:: PROVIDED DATA ::
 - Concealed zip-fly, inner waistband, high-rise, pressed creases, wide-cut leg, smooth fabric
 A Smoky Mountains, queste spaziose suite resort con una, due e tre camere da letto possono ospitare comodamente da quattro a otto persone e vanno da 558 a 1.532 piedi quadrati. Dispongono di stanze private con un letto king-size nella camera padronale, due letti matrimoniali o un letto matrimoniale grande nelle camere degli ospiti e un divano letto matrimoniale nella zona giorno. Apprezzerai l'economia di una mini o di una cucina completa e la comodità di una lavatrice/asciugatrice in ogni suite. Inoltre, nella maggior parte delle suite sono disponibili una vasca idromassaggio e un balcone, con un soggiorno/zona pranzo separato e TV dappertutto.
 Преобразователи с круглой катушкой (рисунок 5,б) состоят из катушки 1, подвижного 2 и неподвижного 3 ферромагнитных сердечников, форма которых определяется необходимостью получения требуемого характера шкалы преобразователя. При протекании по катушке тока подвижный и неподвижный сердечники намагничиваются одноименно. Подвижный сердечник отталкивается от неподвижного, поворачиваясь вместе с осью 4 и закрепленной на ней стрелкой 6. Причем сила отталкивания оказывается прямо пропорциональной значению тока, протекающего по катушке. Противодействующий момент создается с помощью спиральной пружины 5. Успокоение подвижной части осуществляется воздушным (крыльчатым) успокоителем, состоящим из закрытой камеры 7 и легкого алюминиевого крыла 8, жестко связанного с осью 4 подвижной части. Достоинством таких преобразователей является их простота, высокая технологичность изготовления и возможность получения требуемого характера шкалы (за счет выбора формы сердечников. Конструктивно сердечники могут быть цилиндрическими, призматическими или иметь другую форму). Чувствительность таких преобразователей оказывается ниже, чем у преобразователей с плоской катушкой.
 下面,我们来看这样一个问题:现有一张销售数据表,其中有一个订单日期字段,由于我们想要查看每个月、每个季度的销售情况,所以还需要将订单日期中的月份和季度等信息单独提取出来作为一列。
:::
:: PROVIDED DATA ::
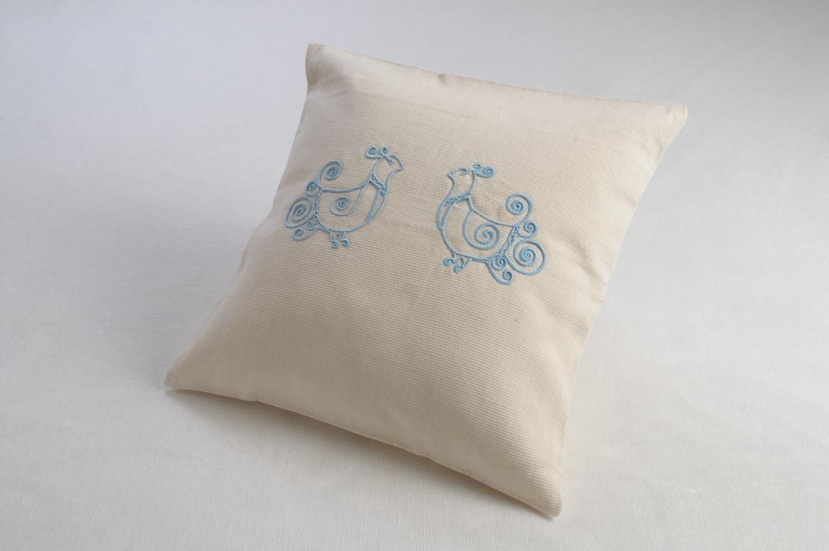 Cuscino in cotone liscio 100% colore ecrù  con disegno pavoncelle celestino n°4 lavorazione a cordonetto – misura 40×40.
:::
■ INSTRUCTIONS FOR THE TASK
Everything above from the line containing "- Concealed zip-fly, inner" down to the line containing "A Smoky Mountains, queste" is to be transcribed exactly, with both of those lines included and nothing else added.

■ SOLUTION FOR THIS TASK
 - Concealed zip-fly, inner waistband, high-rise, pressed creases, wide-cut leg, smooth fabric
 A Smoky Mountains, queste spaziose suite resort con una, due e tre camere da letto possono ospitare comodamente da quattro a otto persone e vanno da 558 a 1.532 piedi quadrati. Dispongono di stanze private con un letto king-size nella camera padronale, due letti matrimoniali o un letto matrimoniale grande nelle camere degli ospiti e un divano letto matrimoniale nella zona giorno. Apprezzerai l'economia di una mini o di una cucina completa e la comodità di una lavatrice/asciugatrice in ogni suite. Inoltre, nella maggior parte delle suite sono disponibili una vasca idromassaggio e un balcone, con un soggiorno/zona pranzo separato e TV dappertutto.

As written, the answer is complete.